Study Suggests Newer Breast Cancer Drug May Protect Heart
DURHAM, N.C. -- By uncovering how one breast cancer drug protects the heart and another does not, Duke University Medical Center researchers believe they may have opened up a new way to screen drugs for possible heart-related side effects and to develop new drugs.
The Duke researches compared the actions of two breast cancer drugs in experiments involving human cells and rats. The drugs in question were the older drug trastuzumab, whose trade name is Herceptin, and the newer drug lapatinib, whose trade name is Tykerb.
The results of the study appear early online in the journal Proceedings of the National Academy of Science.
The main side effect of trastuzumab is that it can damage heart muscle cells. Heart abnormalities have been detected in 2 to 7 percent of women taking the drug, and about one in ten women cannot take the drug because preexisting heart problems put them at greater risk for heart damage. To date, there appear to be fewer cardiac effects associated with lapatinib therapy.

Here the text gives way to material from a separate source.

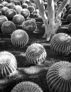 For as long as I can remember, the barrel cactus has been one of my favorites. Its shape and impenetrable exterior feel like the perfect adaptation of plant to environment. A large grouping of them, arranged in a uniform display, caught my eye, the repeating forms and dappled light offering exactly the visual direction I was hoping to explore today.

Both drugs are prescribed to women whose cancerous breast cells have HER2 genes that are overactive. Approximately one in four women with breast cancer have this overactive gene, which is associated with increased cancer recurrence and worse outcomes. Lapatinib was approved earlier in March for use in women who have not responded to trastuzumab therapy.
"Trastuzumab revolutionized the treatment of HER2-positive breast cancers and represents an effective therapy for some women with one of the most aggressive forms of breast cancer," said Duke oncologist Neil Spector, M.D., first author of the paper.. "However, now we have two agents that go after the same target and both have an effect against the cancer, but one appears to have a greater potential – based on this preliminary work – for causing cardiovascular damage.

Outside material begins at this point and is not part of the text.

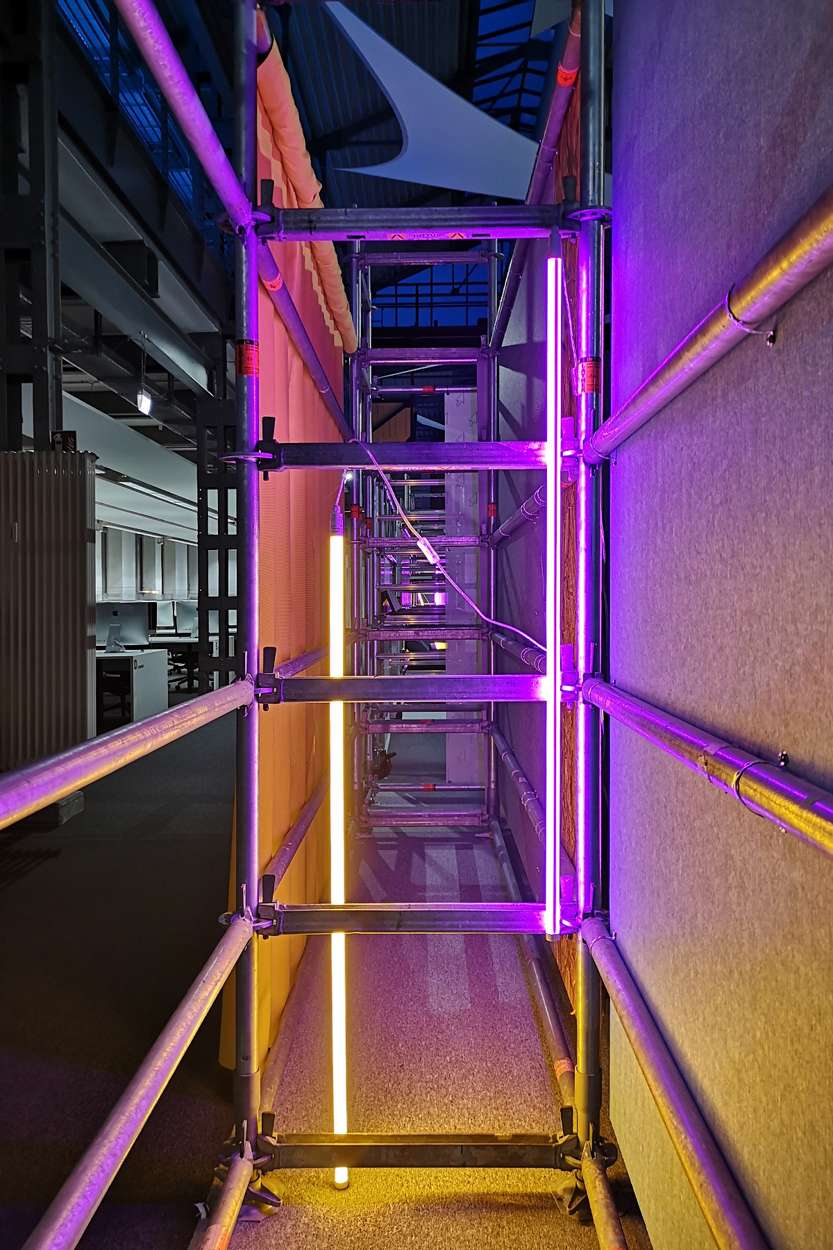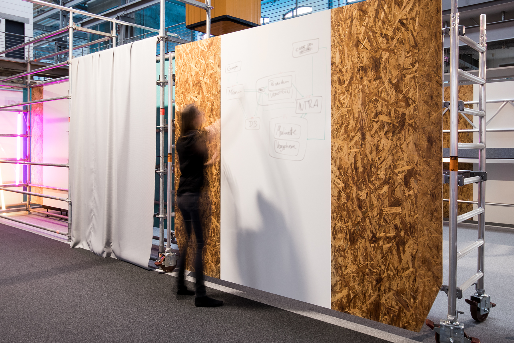 42 Heilbronn ist eine innovative, renommierte Programmierschule, die ihren Sitz im Herzen Heilbronns hat. Da die finalen Räumlichkeiten der Programmierschule noch nicht fertig gestellt wurden, entwickelten wir ein Raumkonzept, welches als Provisorium fungiert und gleichzeitig mobil und anpassungsfähig ist. Damit lassen die Bespielungen nicht nur Freiheiten für aktives Arbeiten in kleinen sowie großen Gruppen, sondern sind auch für den zukünftigen Umzug flexibel. Und das alles unter dem Motto „Spaceship“.

"It is important to be clear that we are reporting findings from pre-clinical experiments, so while they suggest a difference between these two agents, it would be over-interpreting the study to conclude that women taking trastuzumab should consider any treatment change," Spector said. "However, it may be important to conduct well-controlled clinical trials to answer this question."
In addition to its association with breast cancer, HER2 is also essential for the early development and later sustenance of heart muscle cells. It appears that trastuzumab's mechanism for blocking HER2 is different.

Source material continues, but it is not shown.